I would possibly consider replacing the 100mm macro with the 85 f1.8 (bargain lens)
if you dont shoot much macro that is since on ff fast 85mm are just stunning for portraits great bokeh
and that also gives you that low light ability you lose with the f4 70-200 (which is damn sharp at f4 BTW)


----------



## bdunbar79 (May 22, 2012)

Well, first, I think there is a big misconception that f/2.8 lenses are "better" than f/4 lenses. This couldn't be further from the truth. As one example, look at Bryan Carnathan's ISO Charts and compare the 70-200mm f/4L IS vs. 70-200mm f/2.8L. The f/4L IS is sharper at all f/stops center frame in all comparisons, despite the latter being an L lens as well and an f/2.8 lens. The problem is that people think that just because a lens has a wider aperture it peforms optically better and this is just not the case. Yes it would perform better in low light, but guess what, they make tripods. I've shot many, many low light images with f/4L lenses on a tripod. Shutter speed and aperture can both be traded off depending on f/stop. I think the 24-105mm f/4L and 70-200mm f/4L IS lenses are superb lenses and I've shot some of my best photos with each! I am still amazed at how sharp the 24-105 is at f/4 during daylight. Those lenses are fantastic. Also, the 17-40 is fantastic. Even if you get the 24-105, keep it. I know this is not your scenario here, but I knew a pro who didn't buy the 16-35mm f/2.8L II because he saw better value in buying the 17-40mm f/4L and the 24 f/1.4L instead. Since you have a 35 f/1.4L, there's not much difference here. With your lenses, you will shoot fantastic images at a wide variety of focal lengths. If funding is available, I'd say try to keep the 100 macro too. If not, oh well, you're 70-200 will cover it.


----------



## Razor2012 (May 22, 2012)

bdunbar79 said:


> Well, first, I think there is a big misconception that f/2.8 lenses are "better" than f/4 lenses. This couldn't be further from the truth. As one example, look at Bryan Carnathan's ISO Charts and compare the 70-200mm f/4L IS vs. 70-200mm f/2.8L. The f/4L IS is sharper at all f/stops center frame in all comparisons, despite the latter being an L lens as well and an f/2.8 lens. The problem is that people think that just because a lens has a wider aperture it peforms optically better and this is just not the case. Yes it would perform better in low light, but guess what, they make tripods. I've shot many, many low light images with f/4L lenses on a tripod. Shutter speed and aperture can both be traded off depending on f/stop. I think the 24-105mm f/4L and 70-200mm f/4L IS lenses are superb lenses and I've shot some of my best photos with each! I am still amazed at how sharp the 24-105 is at f/4 during daylight. Those lenses are fantastic. Also, the 17-40 is fantastic. Even if you get the 24-105, keep it. I know this is not your scenario here, but I knew a pro who didn't buy the 16-35mm f/2.8L II because he saw better value in buying the 17-40mm f/4L and the 24 f/1.4L instead. Since you have a 35 f/1.4L, there's not much difference here. With your lenses, you will shoot fantastic images at a wide variety of focal lengths. If funding is available, I'd say try to keep the 100 macro too. If not, oh well, you're 70-200 will cover it.
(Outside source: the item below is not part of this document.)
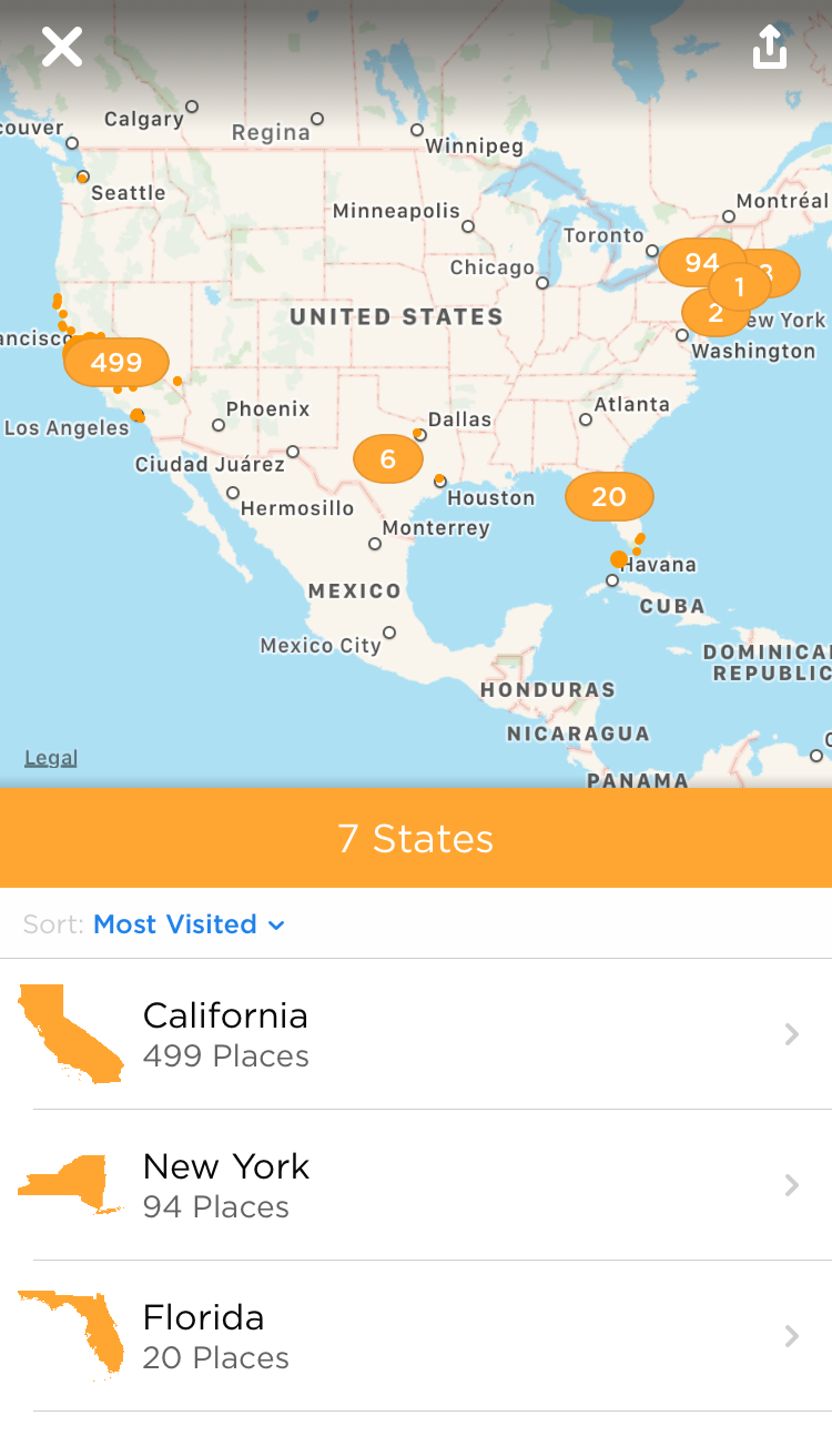 Finally, Swarm's core feature is located in this interactive map. Since February, I've visited seven states and the bulk of my trips have been in California and New York — which makes sense, considering I currently attend college in the San Francisco Bay Area and have spent the summer working in Manhattan.
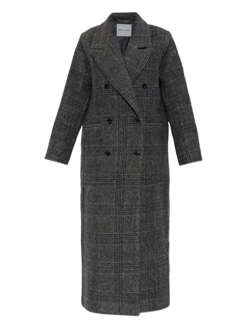 Sajilla double-breasted checked coat Highlights - Grey - Checked pattern - Double-breasted fastening - Notched lapel - Long sleeves Imported Composition Recycled Wool 70%, Polyamide 30% Washing instructions Read Manufacturer Guidelines

The 70-200 2.8L IS II is arguably the sharpest and maybe the best zoom Canon has made so far.


----------



## wickidwombat (May 22, 2012)

i think bdunbar79 was talking about the mk1 which wasnt so great


----------



## Razor2012 (May 22, 2012)

wickidwombat said:


> i think bdunbar79 was talking about the mk1 which wasnt so great



He was...I was just saying how the II is the new king.


----------



## wickidwombat (May 22, 2012)

Razor2012 said:


> wickidwombat said:
> 
> 
> > i think bdunbar79 was talking about the mk1 which wasnt so great
> ...



it is (as far as zooms go anyway)
but if budget limited a much cheaper 85mm prime will give equal if not better IQ
sigma 85mm f1.4


----------



## paul13walnut5 (May 22, 2012)

Any test I've seen puts the 70-200 f2.8L non-IS ahead of the IS mk1 and almost equal to the f4IS.
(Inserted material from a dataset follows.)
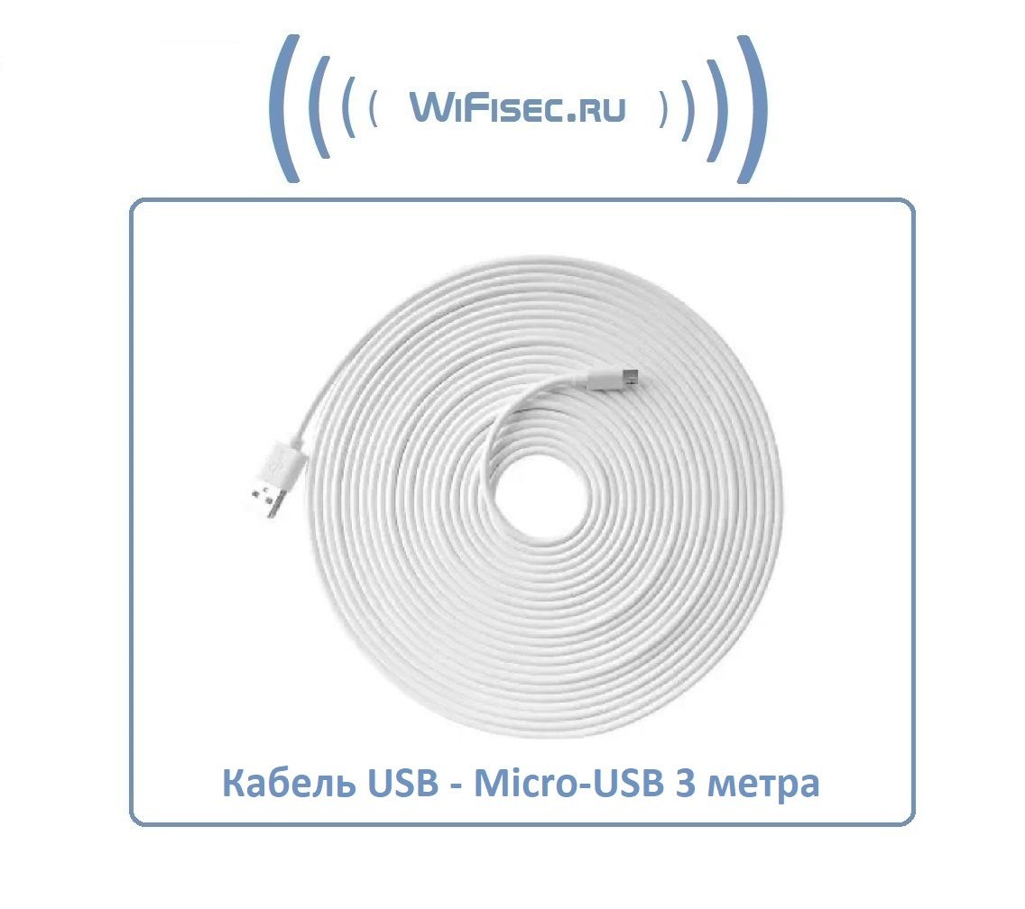 Кабель для питания Wi-Fi видеокамер USB - Micro-USB, длина 3 м.
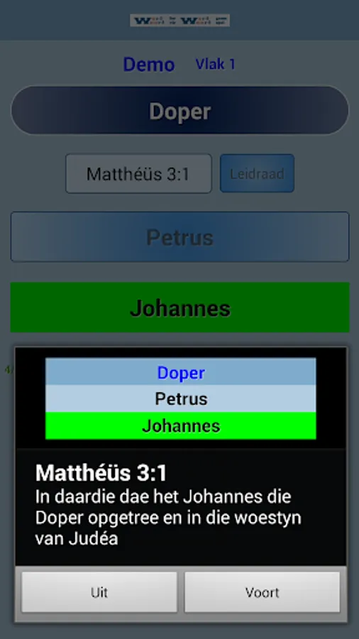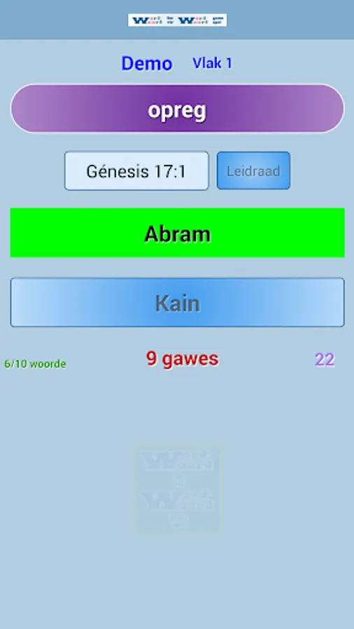 Woord vir Woord spel is 'n aflyn Bybel woord spel sonder advertensies.

I wanted the extra AF performance an f2.8 brings no matter your shooting aperture.

The need for this performance would depend on how much you need to squeeze out of the 5D2's AF.

It seems daft to sell your macro when you have lots of duplication elsewhere.
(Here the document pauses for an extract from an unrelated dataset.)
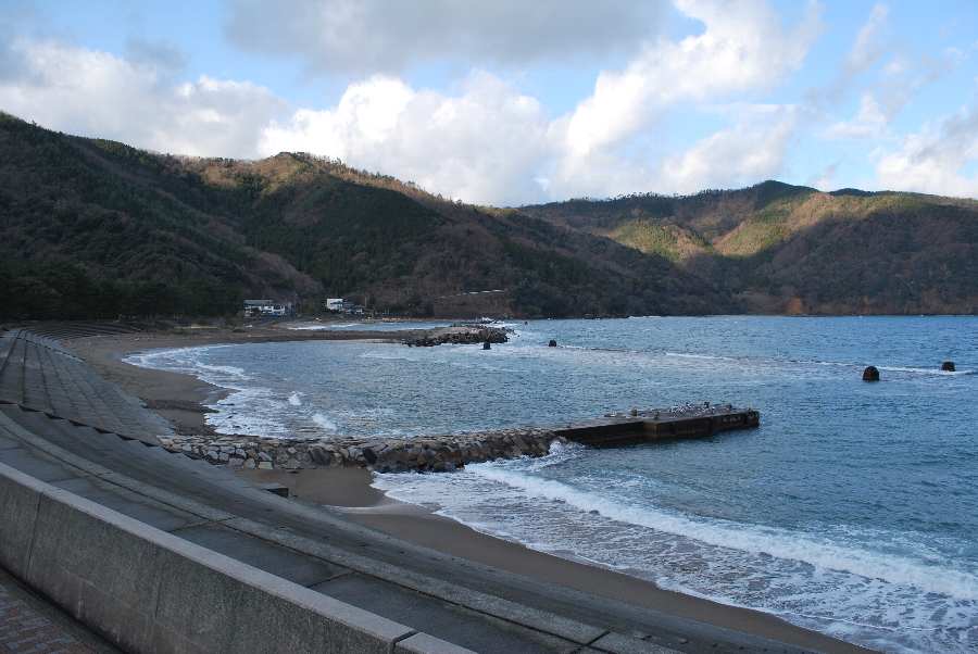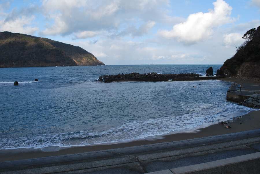 食見海岸は約2.5mの波があり、大波が防波堤に被っています。
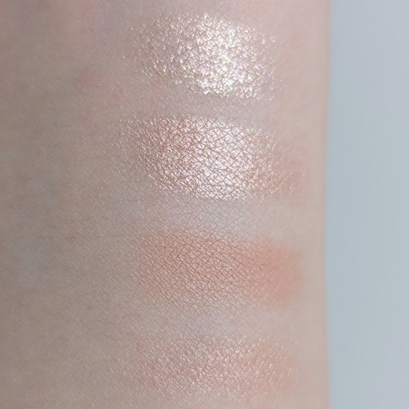 4つの質感が重なると目元に立体感と華やかさが生まれる。どちらの色も明るさと少しのトープ感があって今っぽい目元に仕上がるなぁと思った。 日常使いにぴったりなパレット。どちらの配色もすごく可愛いくて2色買いしました。

I would sell the 17-40 f4 and get a 16-35 f2.8LII and 70-200 f2.8L nonIS, you have a 50mm f1.8 int here to reduce the gap between the zooms and keep your macro.

But that's me speaking as a video guy and sometime sports shooter.


----------



## bdunbar79 (May 22, 2012)

Razor2012 said:


> wickidwombat said:
> 
> 
> > i think bdunbar79 was talking about the mk1 which wasnt so great
> ...



Hey, I'm not gonna argue there. I have the version II with IS and it beats everything or is just as sharp as everything I own for what I shoot. Great lens and worth saving the money and buying.


----------



## EOBeav (May 22, 2012)

Any reason you need IS for that 70-200 f/4? I don't have it on mine, and I haven't missed it. Then again, 90% of my images use a tripod.


----------



## neuroanatomist (May 22, 2012)

birdman said:


> Please help me feel better about owning f/4.0 L Zooms.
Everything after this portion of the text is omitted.